RESEARCH ARTICLE
Intrinsic Instability of Hardened Portland Cement Pastes and its Significance
S. Chatterji*
Article Information
Identifiers and Pagination:
Year: 2008Volume: 2
First Page: 170
Last Page: 175
Publisher ID: TOBCTJ-2-170
DOI: 10.2174/1874836800802010170
Article History:
Received Date: 24/03/2008Revision Received Date: 21/06/2008
Acceptance Date: 22/06/2008
Electronic publication date: 2/9/2008
Collection year: 2008
open-access license: This is an open access article licensed under the terms of the Creative Commons Attribution-Non-Commercial 4.0 International Public License (CC BY-NC 4.0) (https://creativecommons.org/licenses/by-nc/4.0/legalcode), which permits unrestricted, non-commercial use, distribution and reproduction in any medium, provided the work is properly cited.
Abstract
A critical evaluation of shrinkage of saturated cement paste due to thermal cycling, increased ion diffusion through saturated cement paste due to thermal cycling, Powers water permeability data of dried and resaturated cement paste, and dying shrinkage data of Pickett and others reveals an intrinsic instability of Portland cement pastes. The instability is such that even a very mild treatment of the paste causes a redistribution of pore space such that pores are narrowed in some area and widened in other areas. It is to be noted that mild drying to 94% relative humidity is sufficient to initiate this instability. These changes occur even in saturated specimens and are irreversible. These observations are inconsistent with extensive chemical bonding in hardened cement paste or the strength of chemical bonding, in cement paste, is so low that a very mild treatment can destroy them. Relevance of this redistribution to water absorption isotherms, mercury intrusion porosimetry, etc has been discussed. These techniques provide information on the treated samples and not on the microstructure of virgin wet cement pastes and as such they can not be used to rationalize the properties of cement pastes or concrete.

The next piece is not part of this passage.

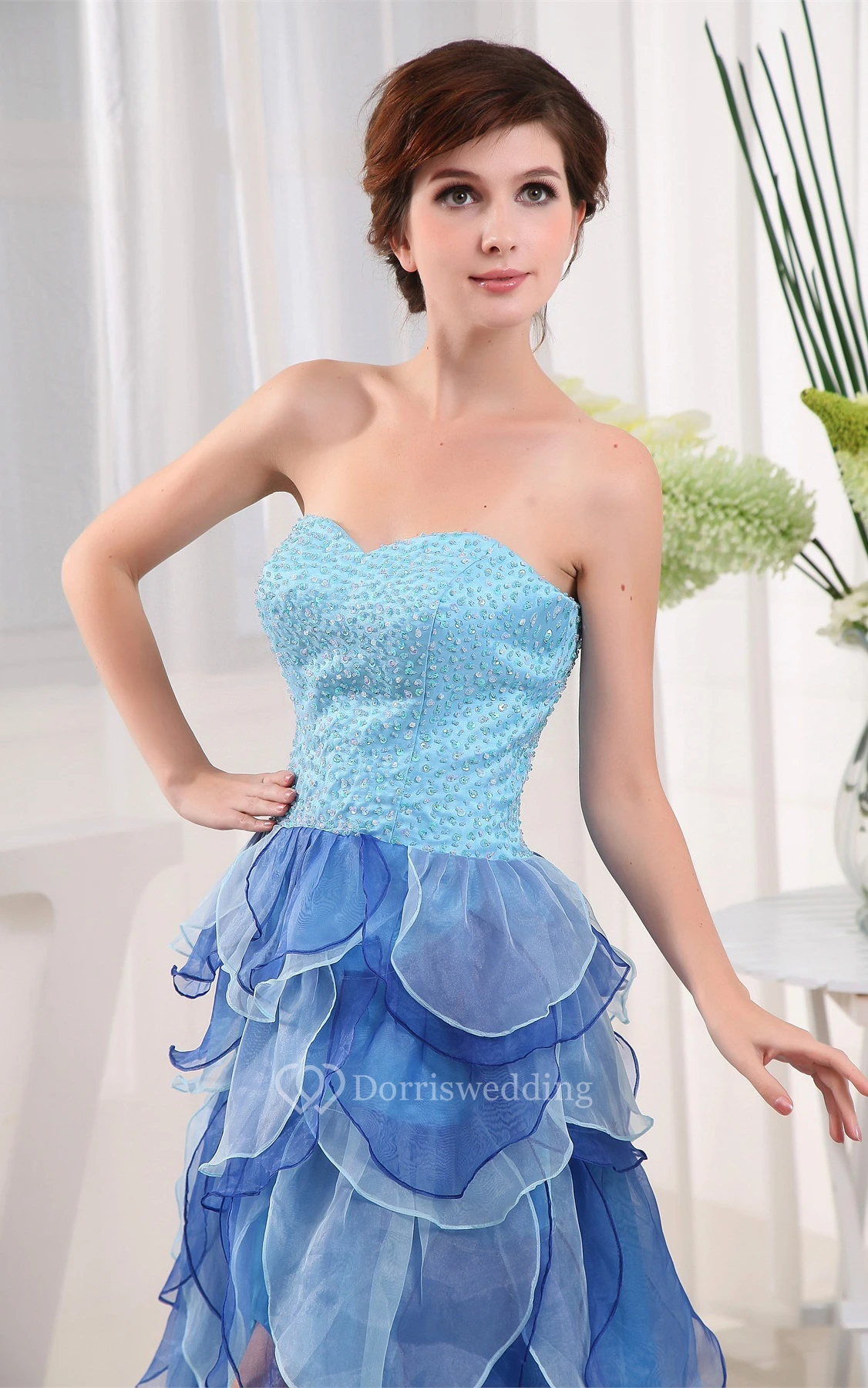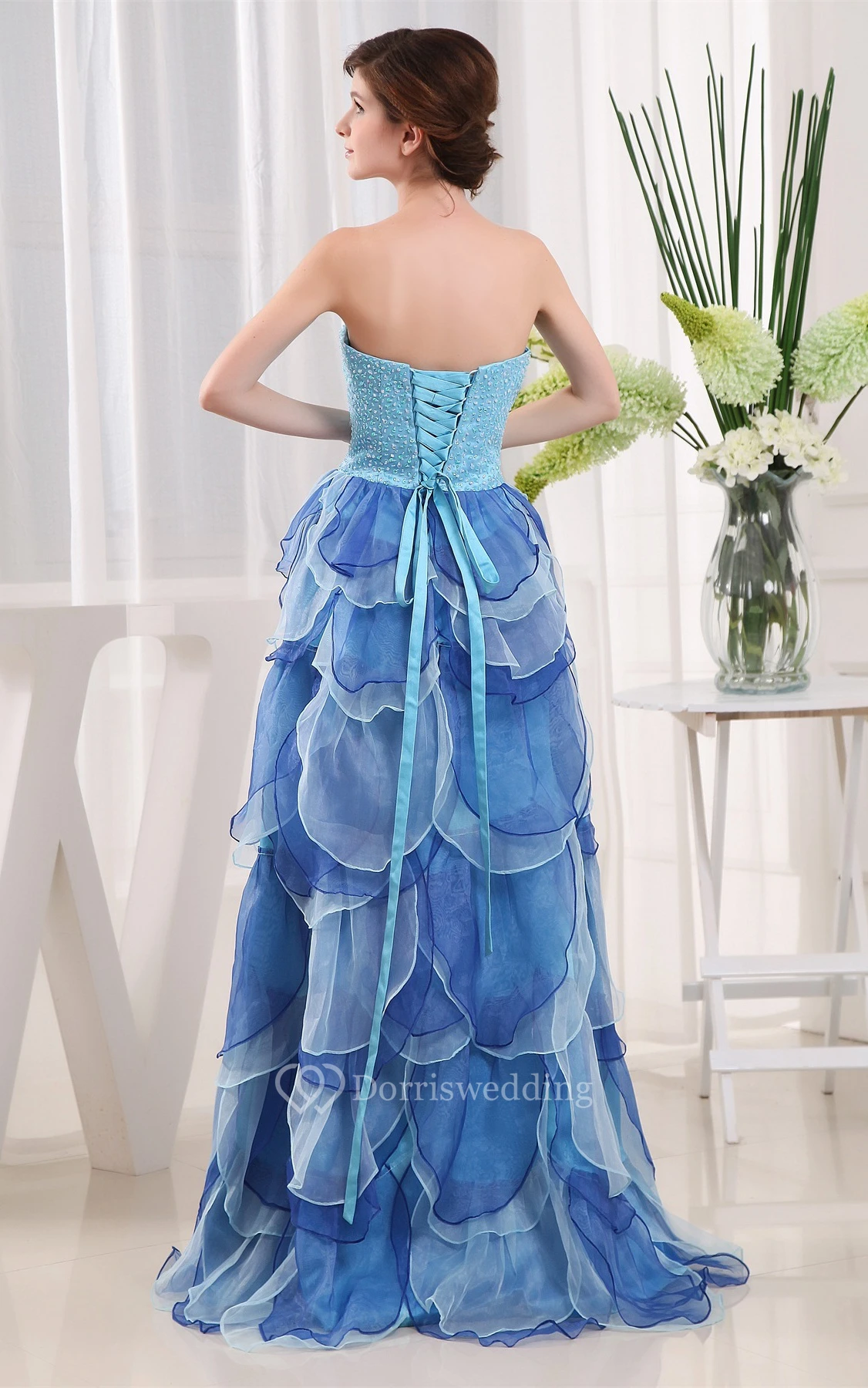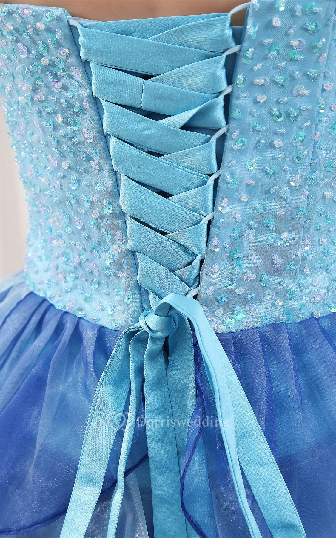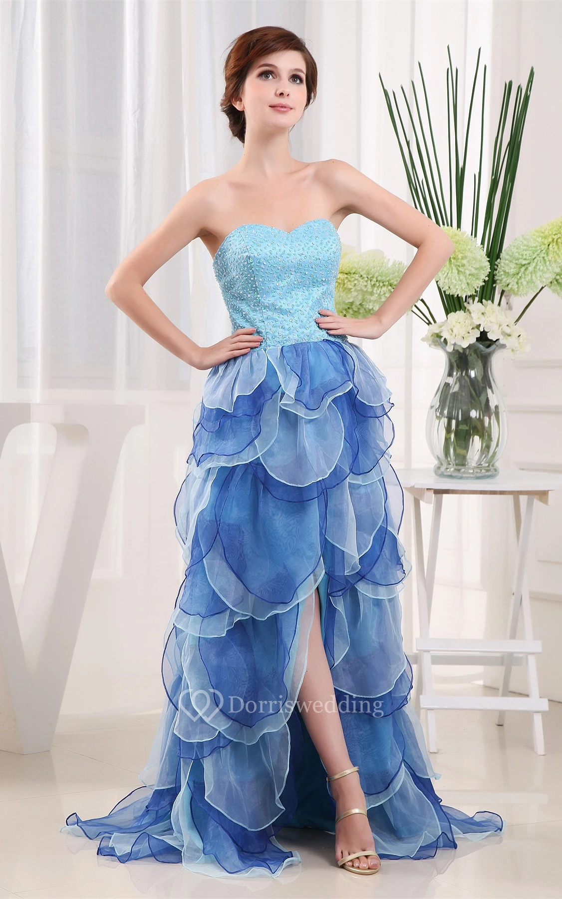 Two-Tone Front-Split Sweetheart Corset Back and Dress With Tiers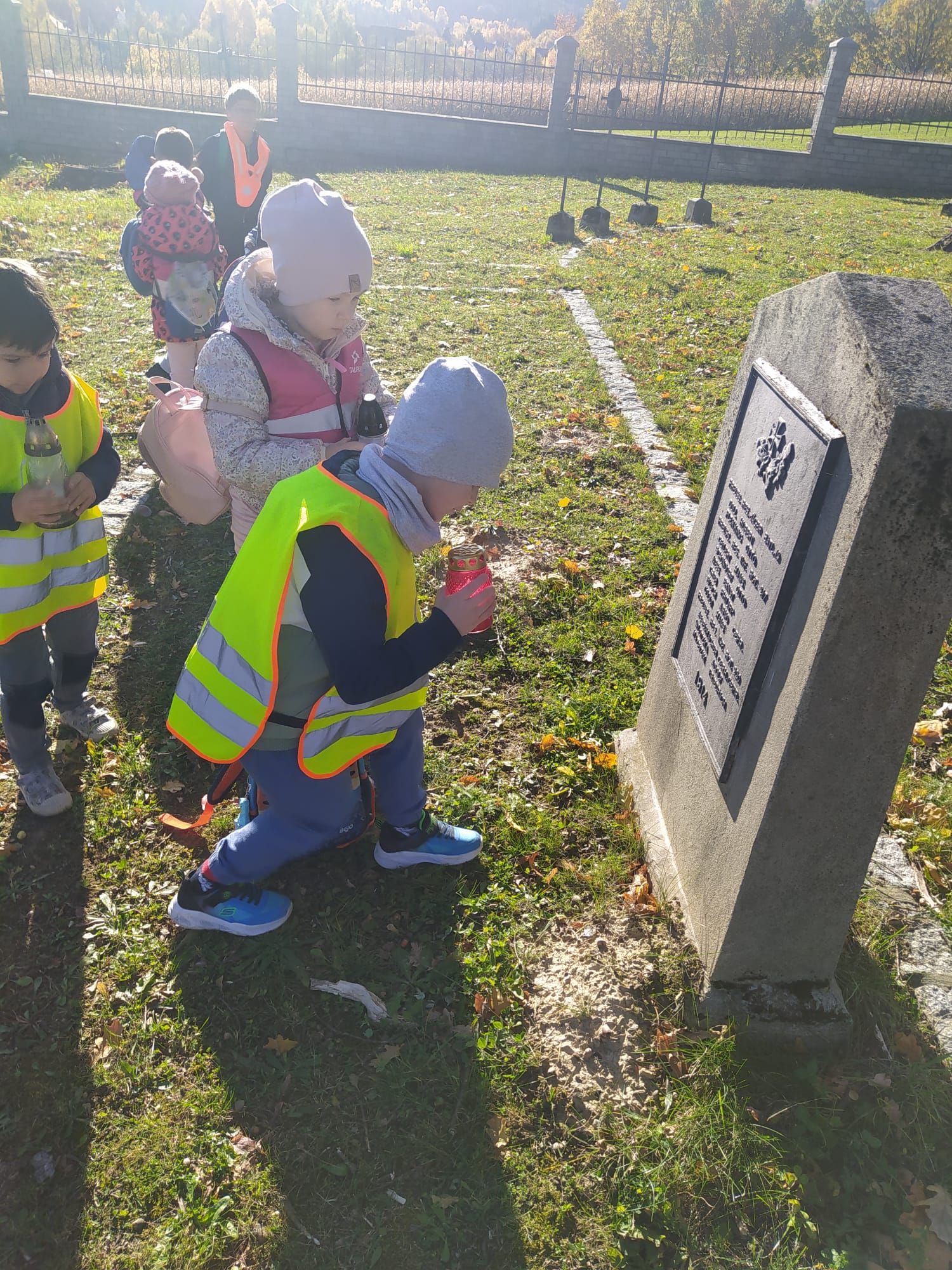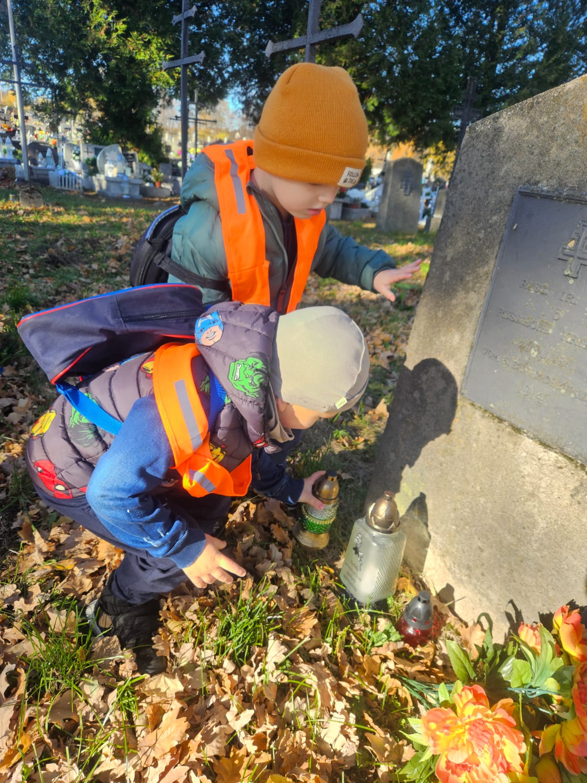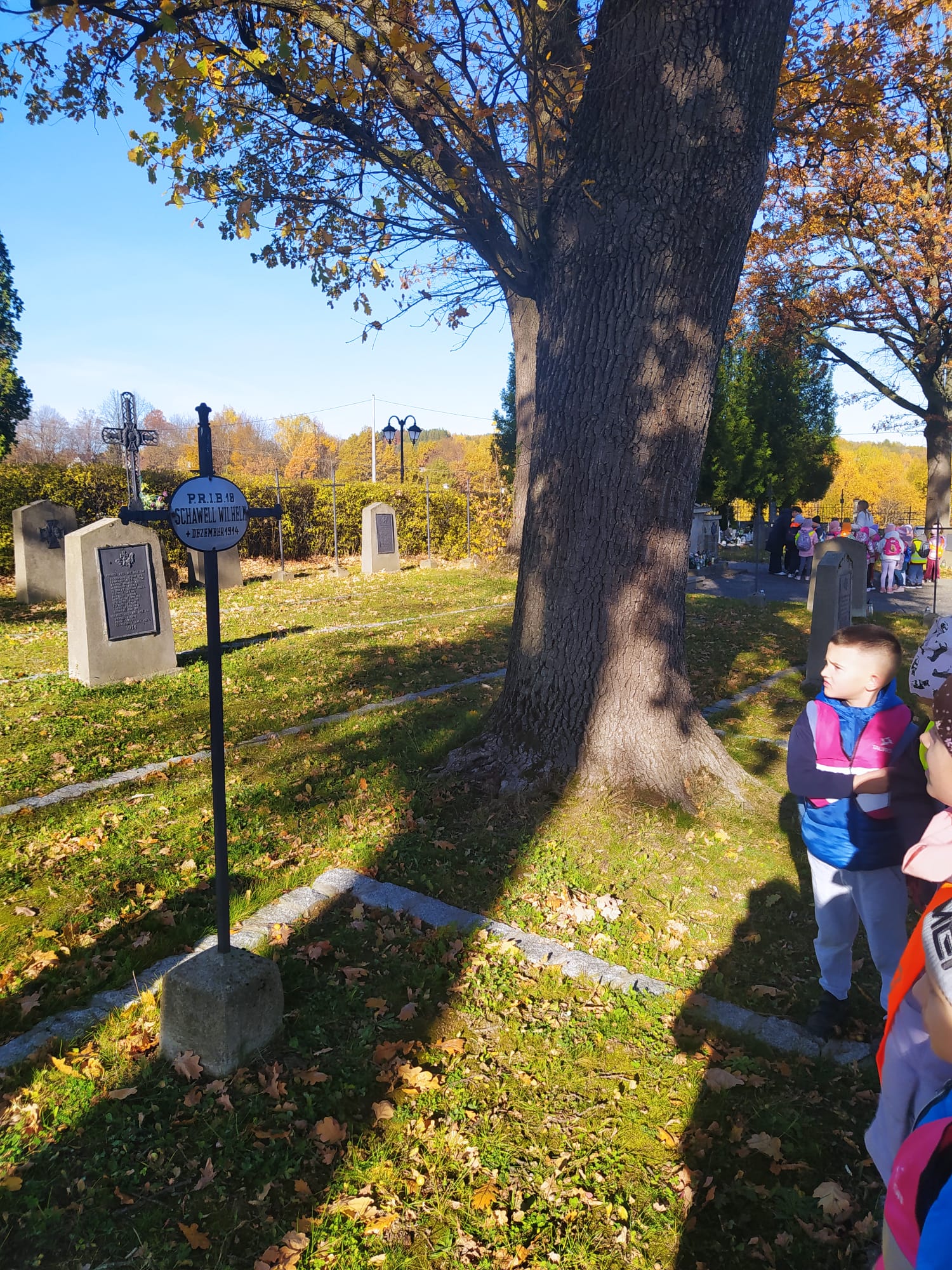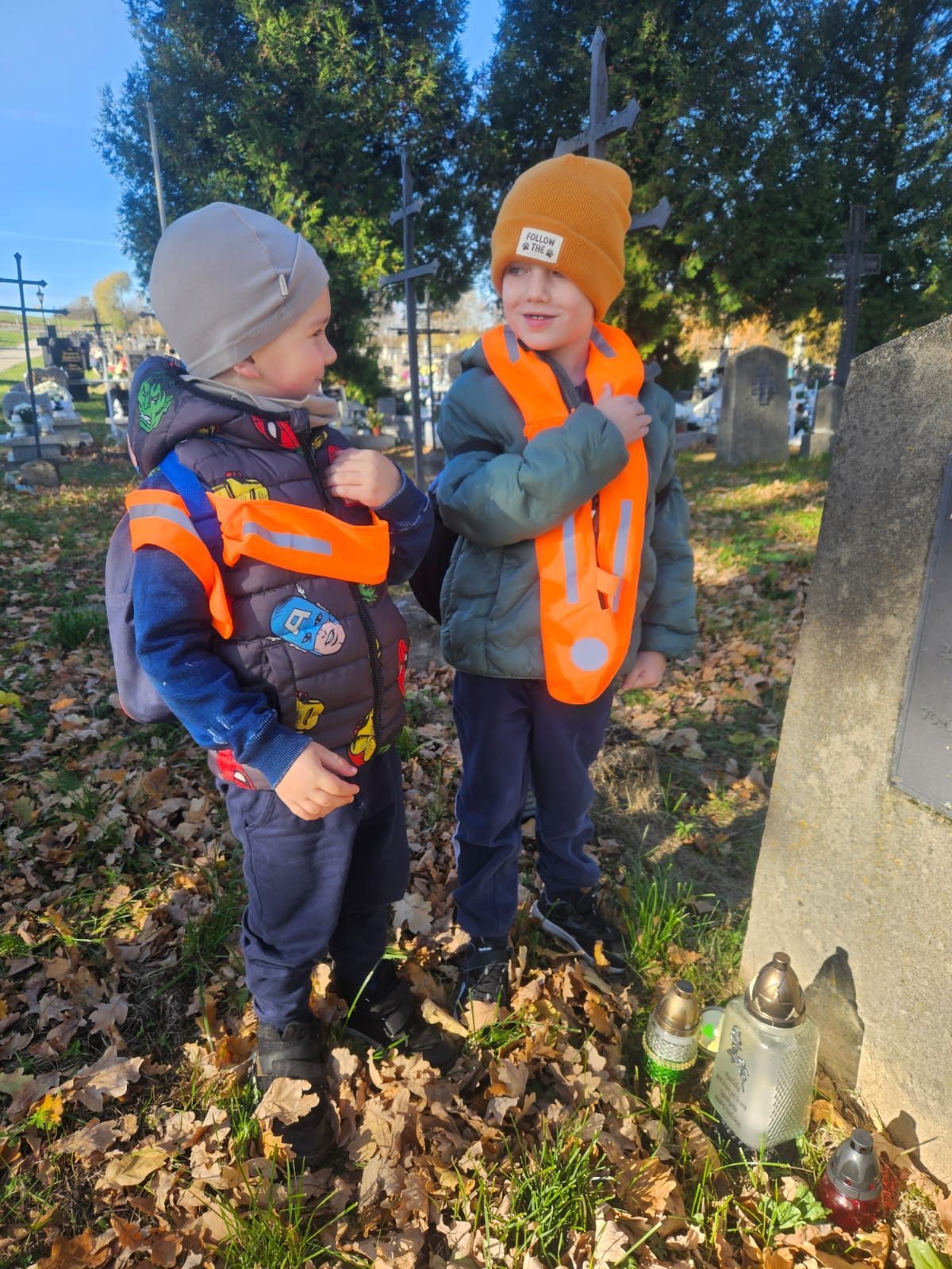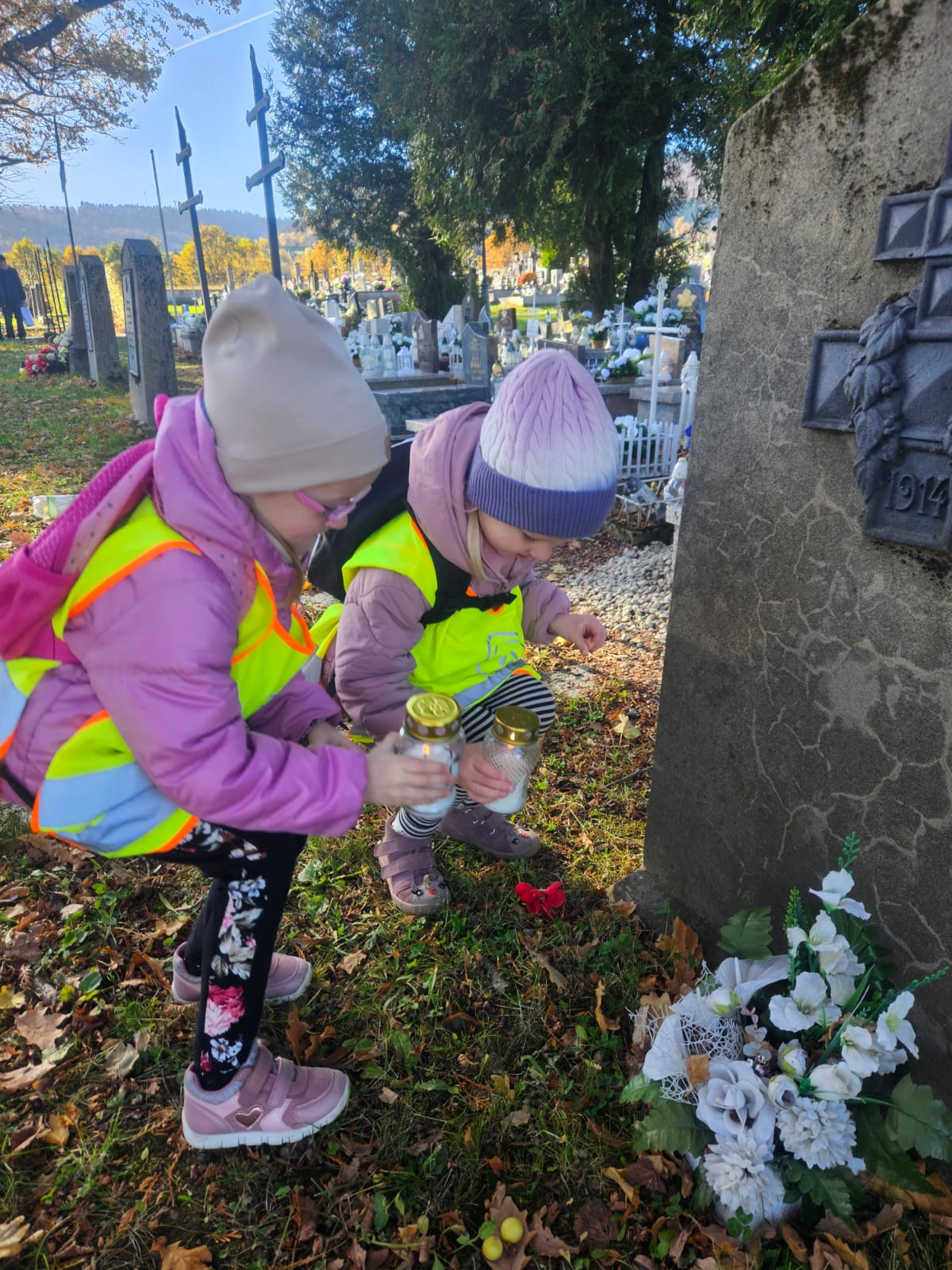 W piątek, 31 października, dzieci z grup „Motylki” i „Promyczki” udały się na pobliski cmentarz, aby uczcić pamięć zmarłych żołnierzy, którzy polegli podczas I i II wojny światowej. Podczas wizyty rozmawialiśmy z dziećmi o znaczeniu tego miejsca, o tym, dlaczego co roku wspominamy tych, którzy oddali życie za naszą Ojczyznę i jak wiele im zawdzięczamy.

In actual use of a concrete structure, the effect of this intrinsic instability accumulates with each cycle of drying and wetting, heating and cooling etc. After a period visible, macroscopic cracks appear even in a well cured concrete structure. These macroscopic cracks are seldom healed especially within the structure where concrete is unsaturated. The accumulated effect makes the structure vulnerable to attack of all types of degrading processes like frost attack, sulphate attack, carbonation etc. These cracks may not affect the compressive load bearing capacity of a concrete structure.